§ Work instructions: Start to finish, print the data below exactly, without the images.

§ Exercise material:
- Opening Delimiter -

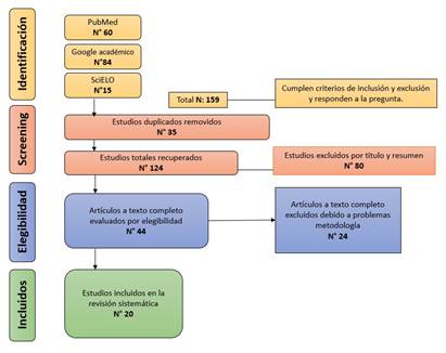 En la etapa de "Elegibilidad", 44 artículos a texto completo fueron evaluados para determinar su elegibilidad. De estos, 24 artículos fueron excluidos debido a problemas metodológicos, indicando que no cumplían con los estándares de calidad o diseño requeridos para la revisión. La evaluación de la calidad metodológica es un pilar de las revisiones sistemáticas, ya que estudios de baja calidad pueden introducir sesgos y afectar la validez de los hallazgos. Según Veloz y González (6), en el Manual Cochrane de Revisiones Sistemáticas de Intervenciones, una evaluación rigurosa de la calidad metodológica es fundamental para la credibilidad de los resultados de una revisión. Finalmente, la fase de "Incluidos" muestra que 20 estudios fueron seleccionados e incluidos en la revisión sistemática. Este número representa el conjunto de artículos que cumplen con todos los criterios de inclusión y exclusión, y que serán utilizados para el análisis y la síntesis de resultados. La transparencia en esta fase final es vital para la replicabilidad de la revisión, permitiendo a otros investigadores comprender cómo se llegó a la selección final, tal como se recomienda en las guías de reporte para revisiones sistemáticas (7).
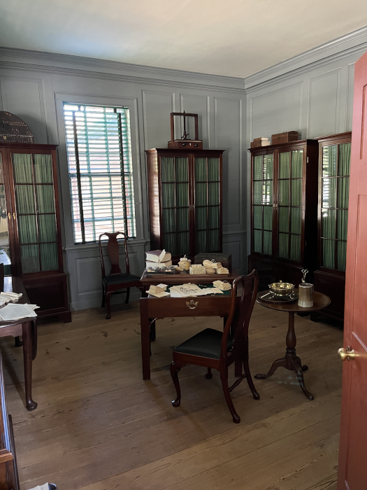 Mr. Randolph's "closet" - which is what they called a private room back then. Really, it's his office. The bookshelves were full when he was alive, and when he died the books went to his cousin, Thomas Jefferson, and ended up in the Library of COngress when Jefferson sold his collection to Congress after the British burned the library in the War of 1812.
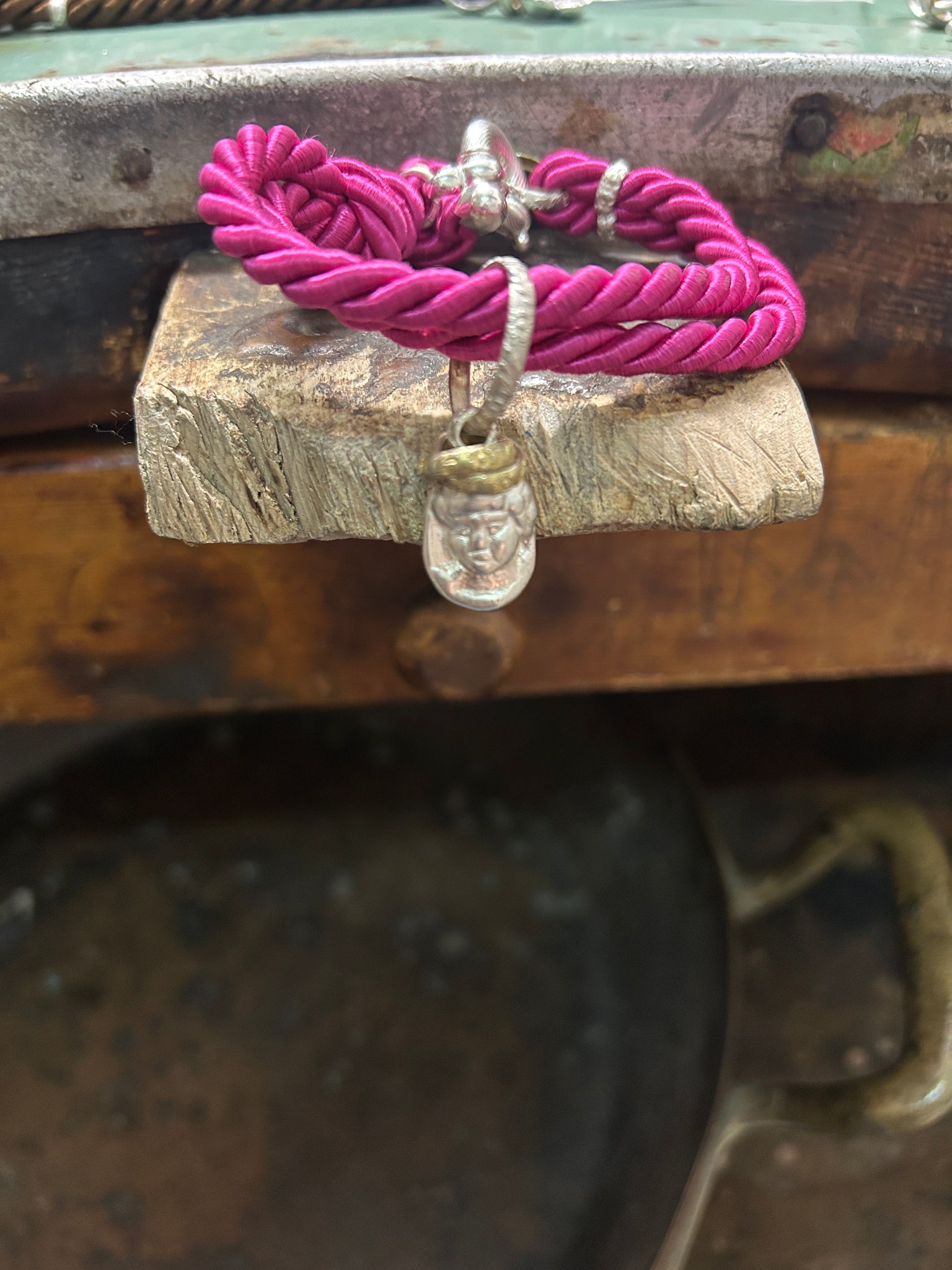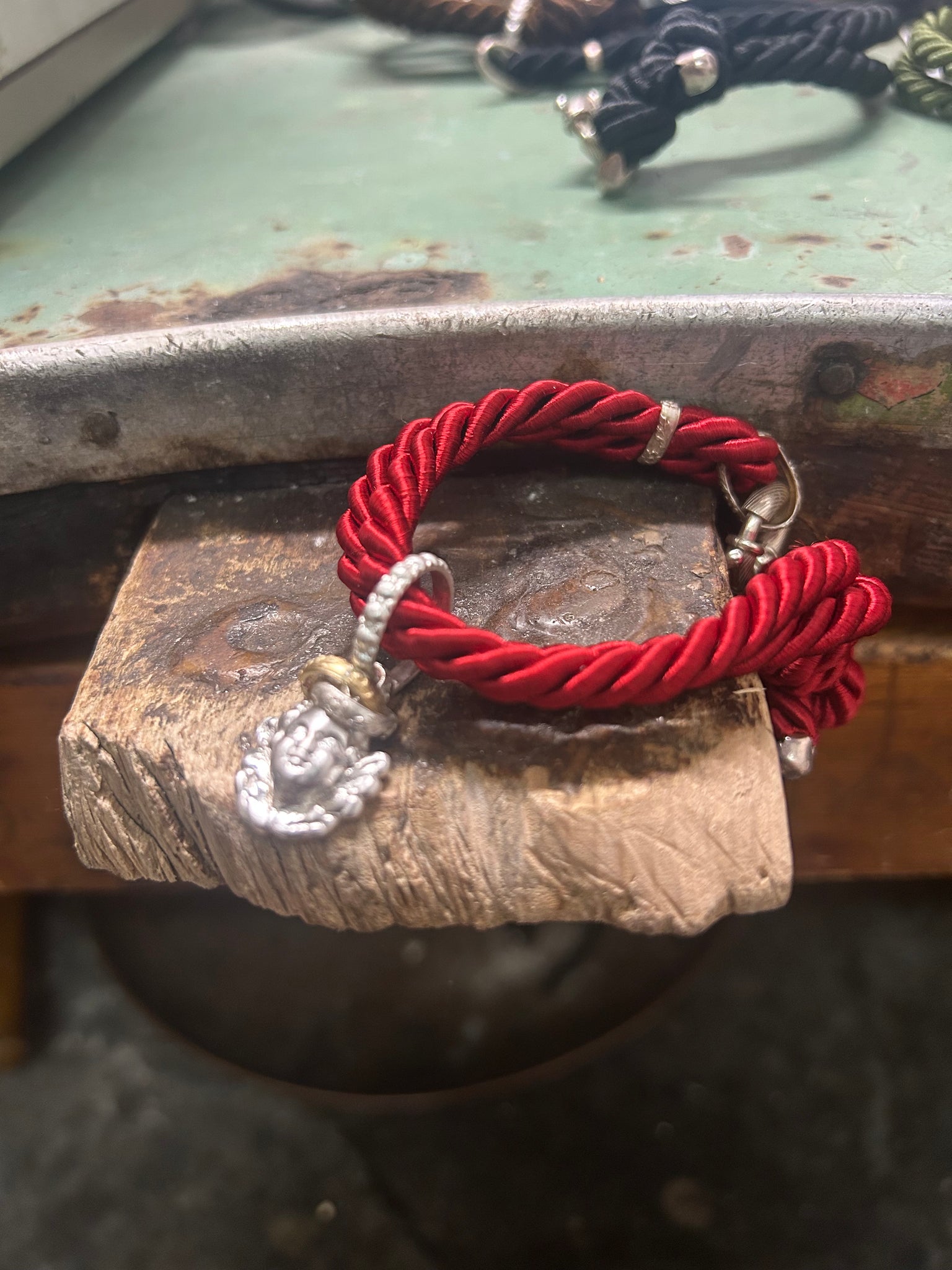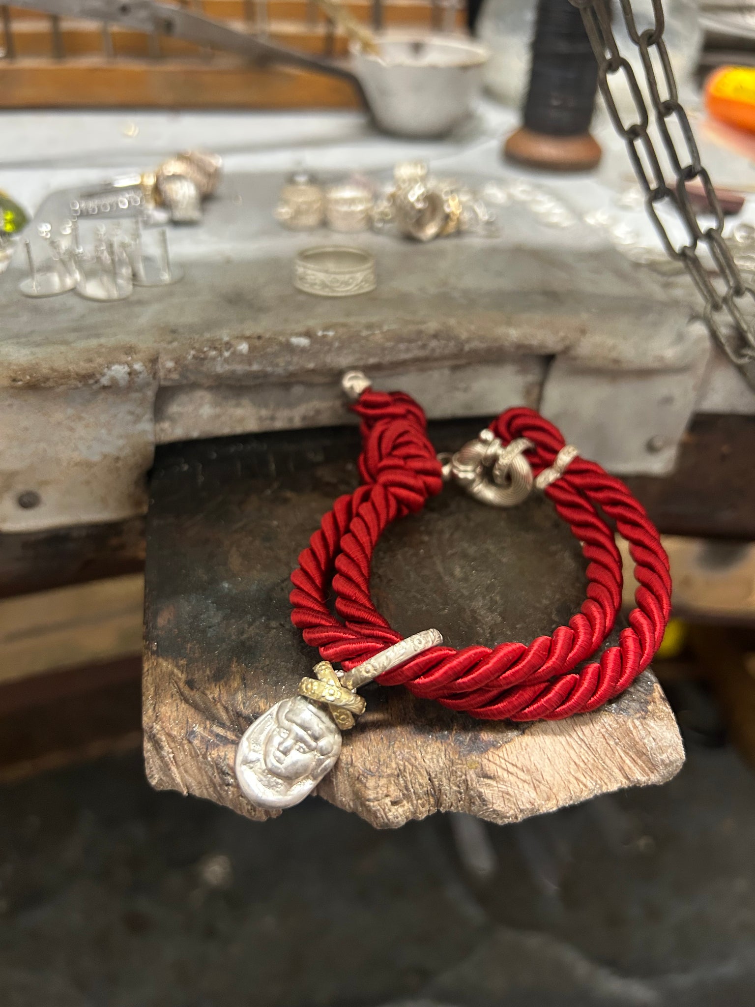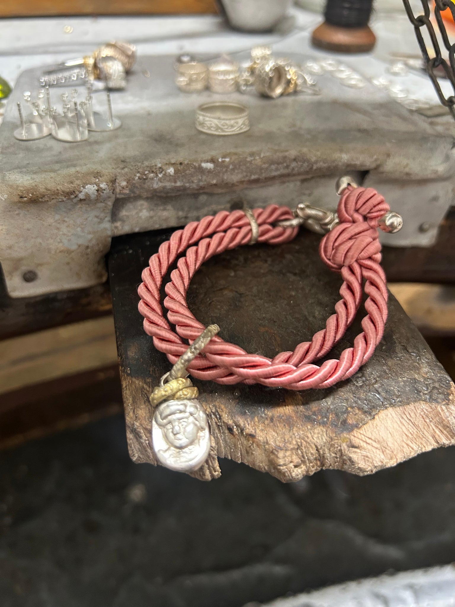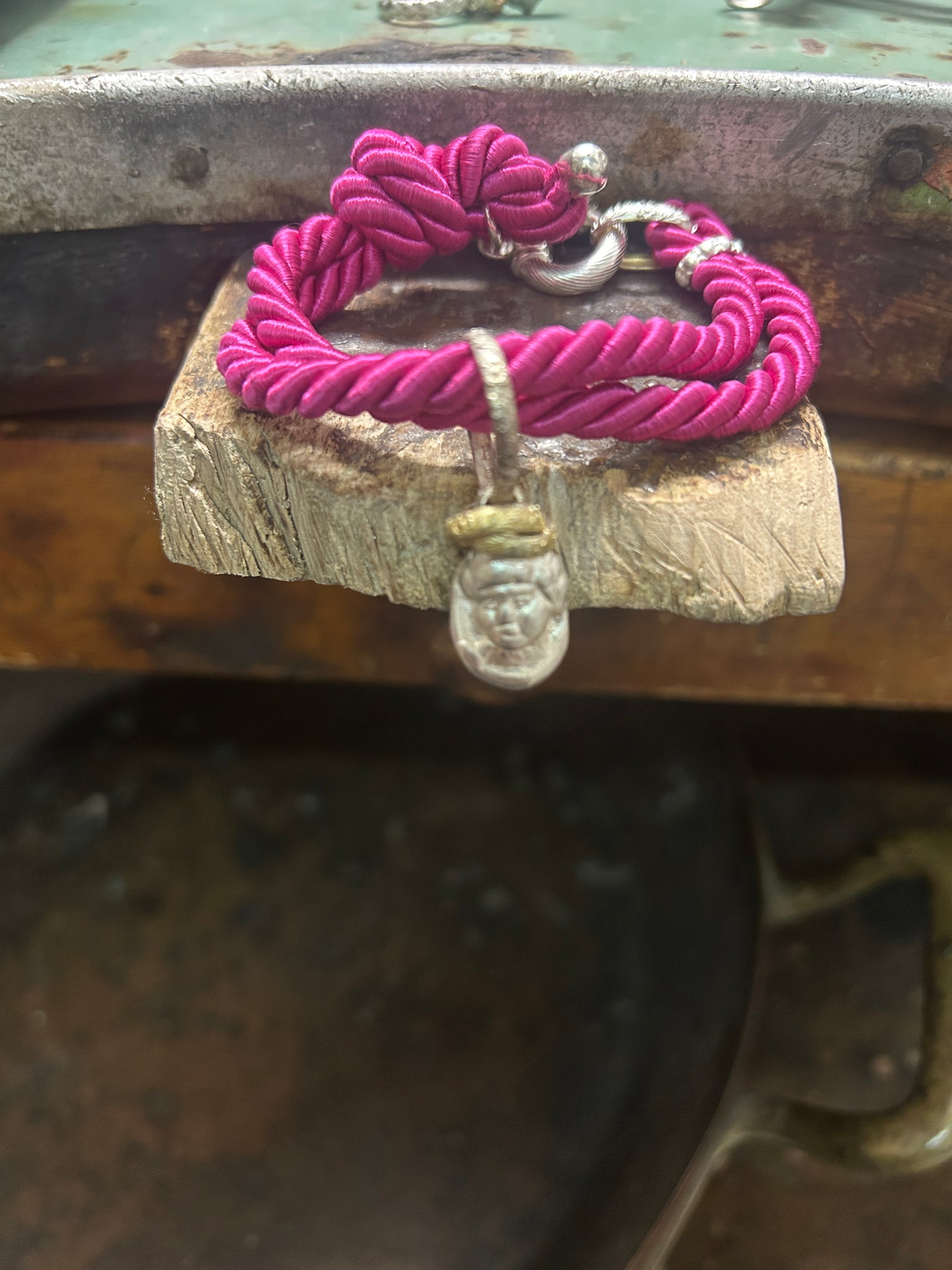 I nostri famosi bracciali di seta fatti a mano con la chiusura brevettata in argento 925 con il ciondolo o con i ciondoli della collezione Lottie.
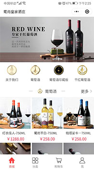 紹興葡尚皇家酒莊小程序是紹興魔方網(wǎng)絡(luò)科技有限公司2019年度開(kāi)發(fā)的微信小程序,小程序頁(yè)面設(shè)計(jì)時(shí)尚簡(jiǎn)潔,是愛(ài)品味紅酒和收藏紅酒購(gòu)買(mǎi)小程序,開(kāi)發(fā)了首頁(yè)商城、分類、購(gòu)物車(chē)、我的中心等等模塊。
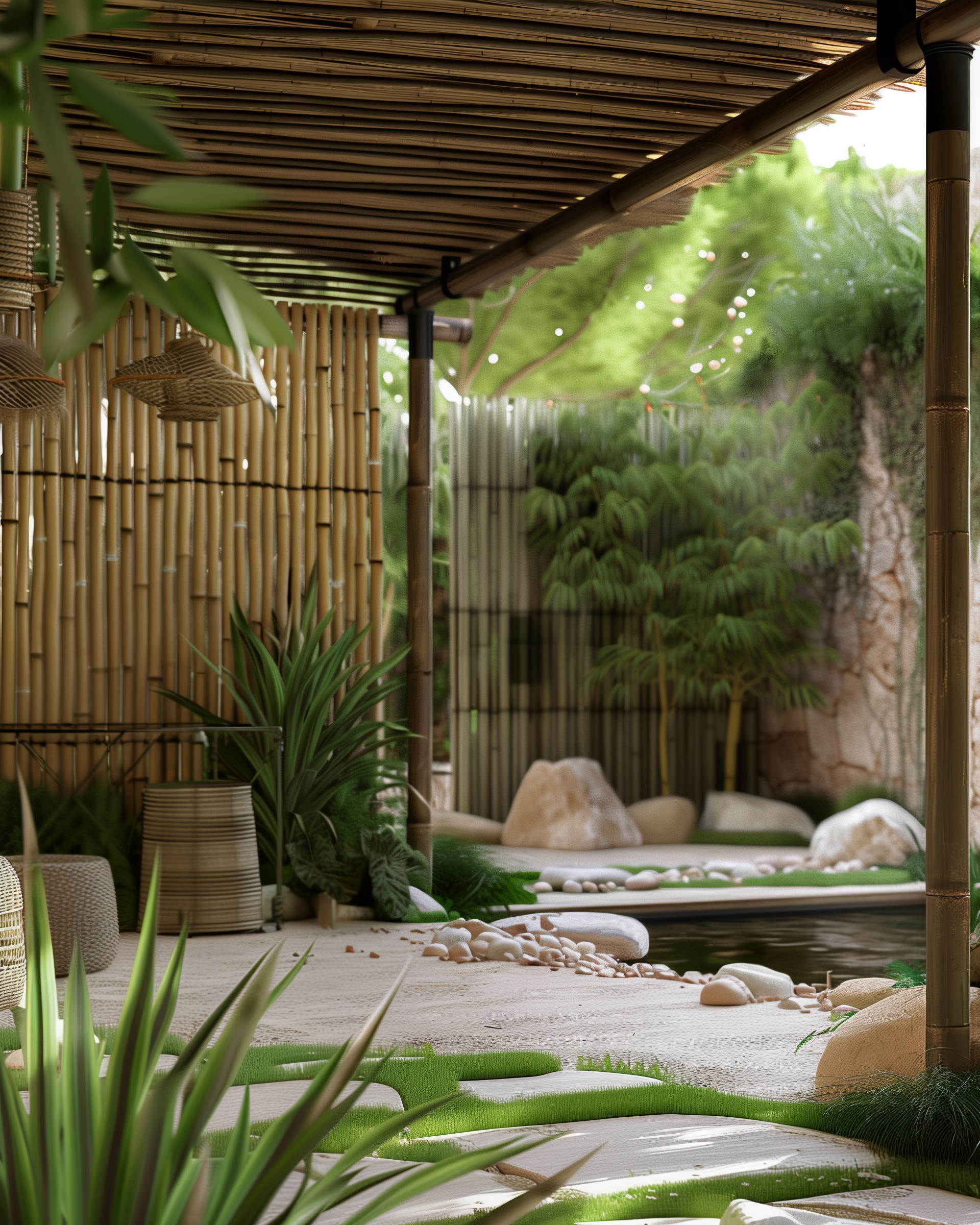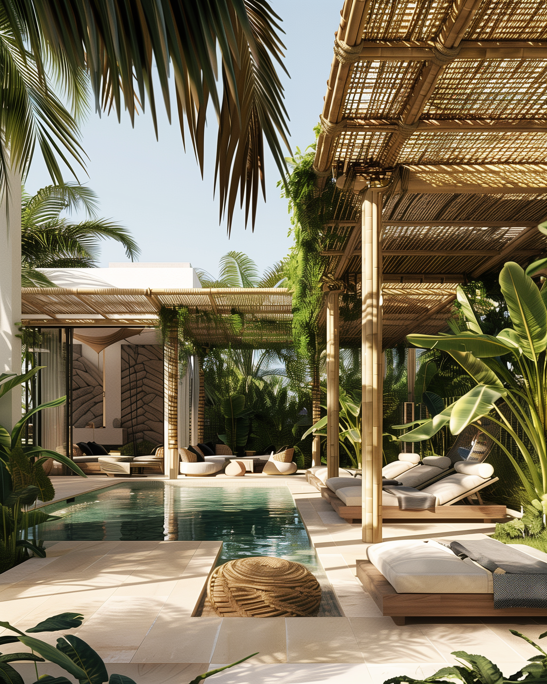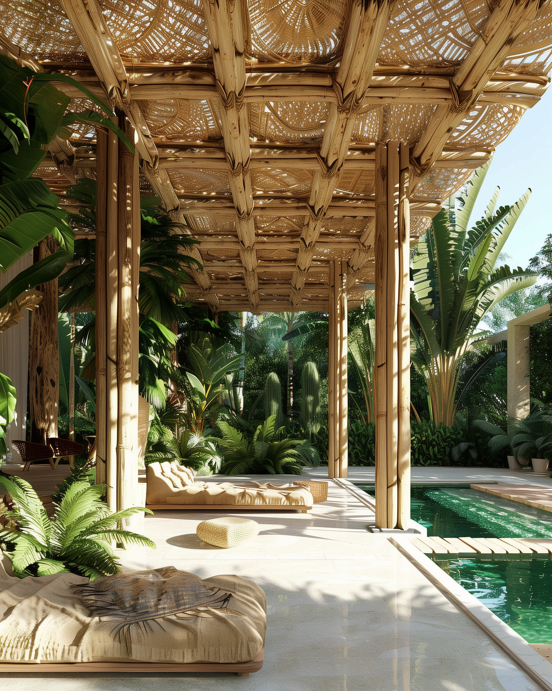 Bamboo is a stylish and eco-friendly choice for bringing a natural, laid-back vibe to the space. Perfect for creating pergolas, chic shade canopies, or stunning accent walls, bamboo adds that tropical touch that fits right into Ibiza’s relaxed yet luxe lifestyle. It’s lightweight but surprisingly strong, making it a great design feature, though it’s not the best for heavy-duty structures unless treated for durability. If you’re after a clean, modern look, bamboo is best as an accent rather than the star. It will do well in conveying tropical or far-eastern design moods.
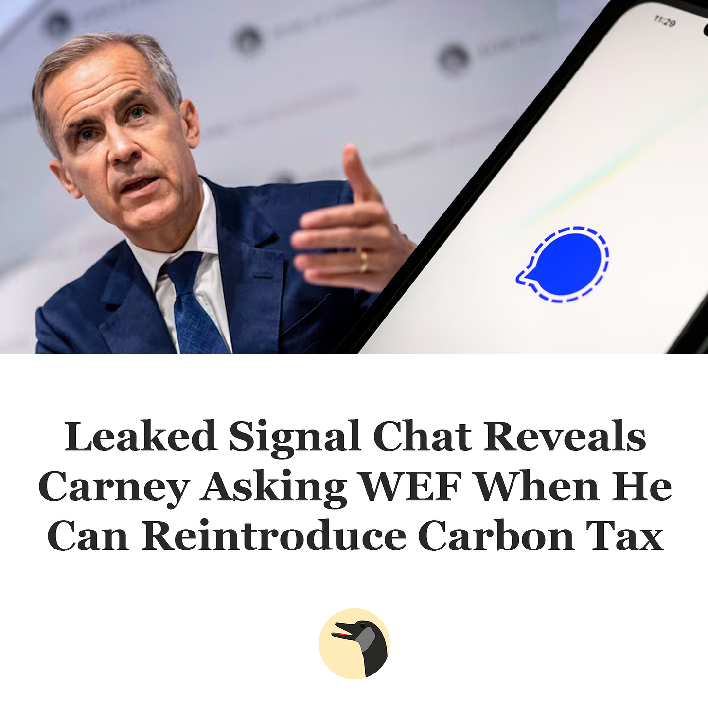 Leaked signal chat reveals Carney asking WEF when he reintroduce carbon taxThe Screaming GooseApr 04, 2025Share

- Closing Delimiter -

§ Finished task:
 En la etapa de "Elegibilidad", 44 artículos a texto completo fueron evaluados para determinar su elegibilidad. De estos, 24 artículos fueron excluidos debido a problemas metodológicos, indicando que no cumplían con los estándares de calidad o diseño requeridos para la revisión. La evaluación de la calidad metodológica es un pilar de las revisiones sistemáticas, ya que estudios de baja calidad pueden introducir sesgos y afectar la validez de los hallazgos. Según Veloz y González (6), en el Manual Cochrane de Revisiones Sistemáticas de Intervenciones, una evaluación rigurosa de la calidad metodológica es fundamental para la credibilidad de los resultados de una revisión. Finalmente, la fase de "Incluidos" muestra que 20 estudios fueron seleccionados e incluidos en la revisión sistemática. Este número representa el conjunto de artículos que cumplen con todos los criterios de inclusión y exclusión, y que serán utilizados para el análisis y la síntesis de resultados. La transparencia en esta fase final es vital para la replicabilidad de la revisión, permitiendo a otros investigadores comprender cómo se llegó a la selección final, tal como se recomienda en las guías de reporte para revisiones sistemáticas (7).
 Mr. Randolph's "closet" - which is what they called a private room back then. Really, it's his office. The bookshelves were full when he was alive, and when he died the books went to his cousin, Thomas Jefferson, and ended up in the Library of COngress when Jefferson sold his collection to Congress after the British burned the library in the War of 1812.
 I nostri famosi bracciali di seta fatti a mano con la chiusura brevettata in argento 925 con il ciondolo o con i ciondoli della collezione Lottie.
 紹興葡尚皇家酒莊小程序是紹興魔方網(wǎng)絡(luò)科技有限公司2019年度開(kāi)發(fā)的微信小程序,小程序頁(yè)面設(shè)計(jì)時(shí)尚簡(jiǎn)潔,是愛(ài)品味紅酒和收藏紅酒購(gòu)買(mǎi)小程序,開(kāi)發(fā)了首頁(yè)商城、分類、購(gòu)物車(chē)、我的中心等等模塊。
 Bamboo is a stylish and eco-friendly choice for bringing a natural, laid-back vibe to the space. Perfect for creating pergolas, chic shade canopies, or stunning accent walls, bamboo adds that tropical touch that fits right into Ibiza’s relaxed yet luxe lifestyle. It’s lightweight but surprisingly strong, making it a great design feature, though it’s not the best for heavy-duty structures unless treated for durability. If you’re after a clean, modern look, bamboo is best as an accent rather than the star. It will do well in conveying tropical or far-eastern design moods.
 Leaked signal chat reveals Carney asking WEF when he reintroduce carbon taxThe Screaming GooseApr 04, 2025Share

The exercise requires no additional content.